The GP asked if I'd ever been prescribed Metformin, which I haven't.
The registrar I saw this afternoon (an hour past my appointment time - I know it can't be helped, but it didn't improve my mood any when it was a useless appointment), who couldn't have cared less about the fertility side.
She just told me to lose weight to help. I said I'd been trying and it was proving difficult. She just said to keep trying. I mentioned Metformin - nothing. I haven't not got pregnant yet. Which is true, I get that. 6 periods a year is fine apparently, the fact that they can be 23 days apart or 67 days apart is irrelevant.

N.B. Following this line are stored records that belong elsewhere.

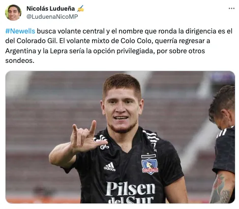 El periodista argentino Nicolás Ludueña lanzó la información a través de su cuenta de Twitter. “Newells busca volante central y el nombre que ronda la dirigencia es el del Colorado Gil. El volante mixto de Colo Colo, querría regresar a Argentina y la Lepra sería la opción privilegiada, por sobre otros sondeos”, recalcó.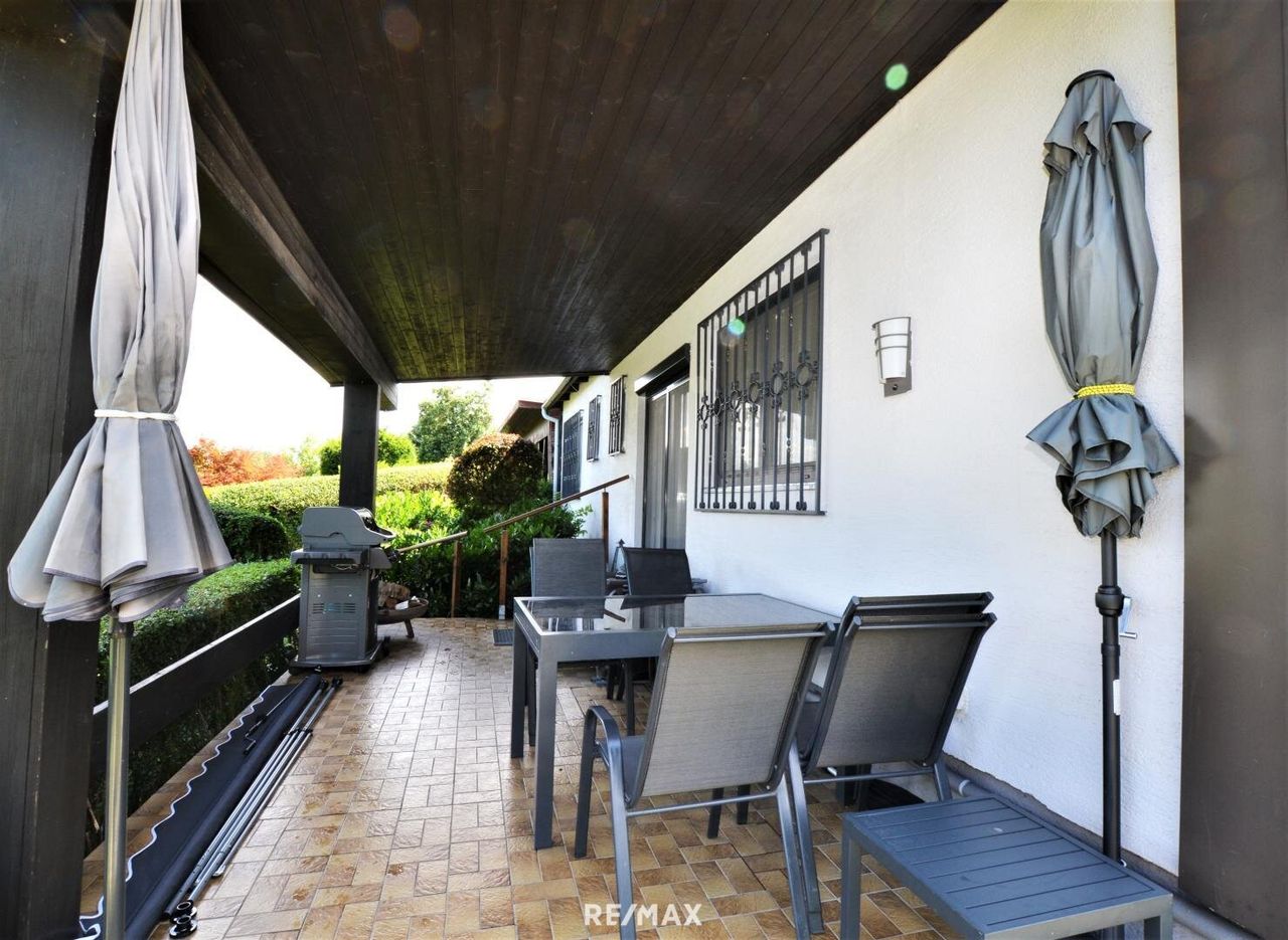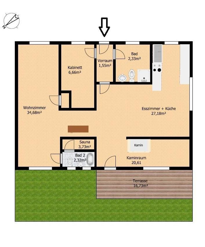 Der offene Wohnbereich lädt mit einer Bar und einem offenen Kamin zu geselligen Stunden und gemütlichen Abenden ein. Die Küche ist zweckmäßig ausgestattet und erfüllt alle Anforderungen für den Alltag. Zwei weitere Zimmer bieten sich als Schlaf-, Gäste- oder Arbeitsraum an. Besonders hervorzuheben ist die großzügige, überdachte Terrasse, die nicht nur Schutz vor Sonne und Wetter bietet, sondern auch einen idealen Ort zum Entspannen mit Blick ins Grüne darstellt.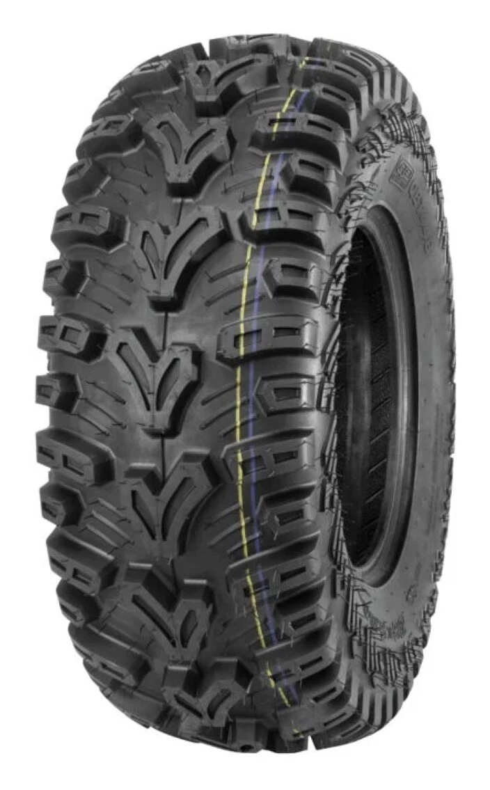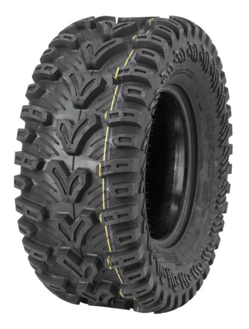 The 448 Utility Tires from Quad Boss use a V-shaped lug pattern to boost grip while offering good behavior over hard pack. Rolling resistance is reduced. This same tread characteristic improves tread life and keep road noise low. Staggered shoulder knobs increase cornering bite and stability. The 448 Utility Tire’s multi-purpose design excels over a wide variety of terrains.Ā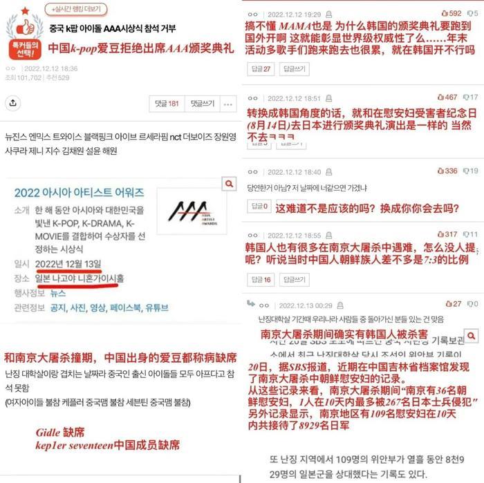 更因与南京大屠杀公祭日撞期,含有中国成员的(G)I—DLE不参加,kep1er成员沈小婷、SEVENTEEN成员文俊辉、徐明浩等多位韩团中国爱豆“因身体不适”拒绝出席此次的颁奖典礼。艺人与公司自觉管理不止中粉们,连韩粉都掌声一片。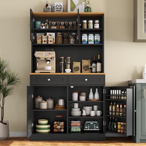- [Pantry Cabinet with Large Space]-This kitchen pantry cabinet offers 9 compartments and 5 adjustable shelves, perfect for storing items of various sizes, keeping essentials organised. The spacious countertop and 2 smooth-gliding drawers can accommodate often-used items for easy access. It also includes a 3-layer door-side storage rack, perfect for spices, seasonings, and small items, streamlining kitchen organisation. A hole in the back helps you manage the wires.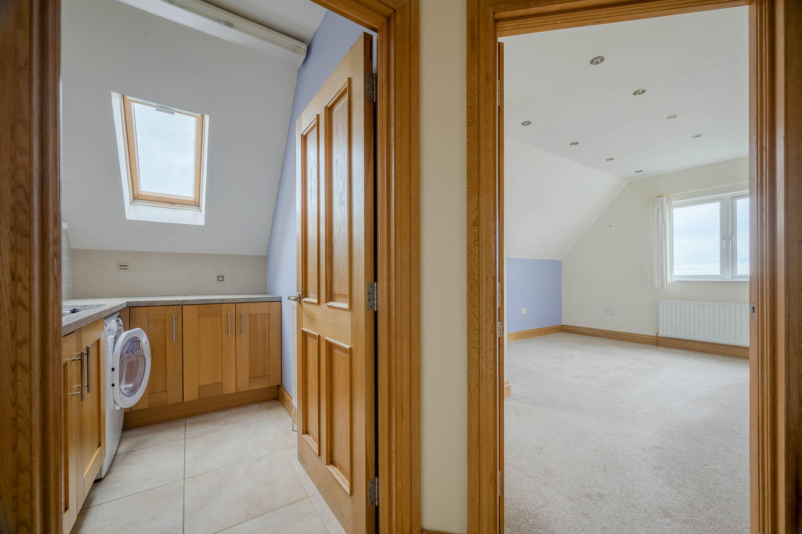 With range of oak Shaker style units, stainless steel fittings, laminate work surface, single drainer stainless steel sink unit with chrome mixer tap, plumbed for washing machine, concealed Ideal gas fired boiler, range of low level units, built-in shelving, ceramic tiled floor, Velux window and part tiled walls.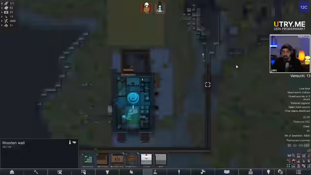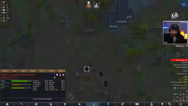 01:33:54Der Streamer beschäftigt sich mit dem Fortschritt in RimWorld V.O.I.D. und der Notwendigkeit, Ressourcen wie Stroh, Nägel und eine Kelle zu beschaffen, um das Camp zu upgraden und eine T2-Quest anzunehmen. Er äußert Bedenken bezüglich der Schwierigkeit der Quest, da seine aktuelle Ausrüstung und seine Gesundheit nicht ausreichen, um die damit verbundenen Gefahren wie Arachniden effektiv zu bekämpfen. Das Ziel ist, das Level zu steigern und bessere Ausrüstung zu erhalten.
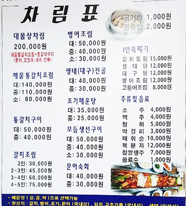 가격 : 해물통갈치조림 (대) 140,000원/ 해물통갈치조림 (중) 110,000원

Essentially, because I haven't failed at getting pregnant, they won't even look at the fertility side of things. I explained about the donor thing, the months of negative OPKs, just wanting a clearer view of what was going on - nope, not interested. I haven't proven there's a fertility issue.
I paid to have a scan privately a few weeks ago - showed cysts on both ovaries. Took the report and pictures to show, along with the blood work I'd had done on day 3 of my cycle (which she should have had, but didn't, and didn't want to keep a copy of) - not interested.
Conferred with her superior (the consultant) - yep, lose weight. We'll refer you to a dietician.
I'm just so sad about it all. I know I need to lose weight - it's not like I haven't been bloody trying - but once again the doctor hasn't seen a person, they've seen a fat person.
I know I'm not entitled to help getting pregnant on the NHS, and I accept that, but my GP said I could be seen on the NHS and probably prescribed Metformin.
I'm just so angry and sad about it all and wanted to vent I guess.
Congratulations if you got to the end of my essay!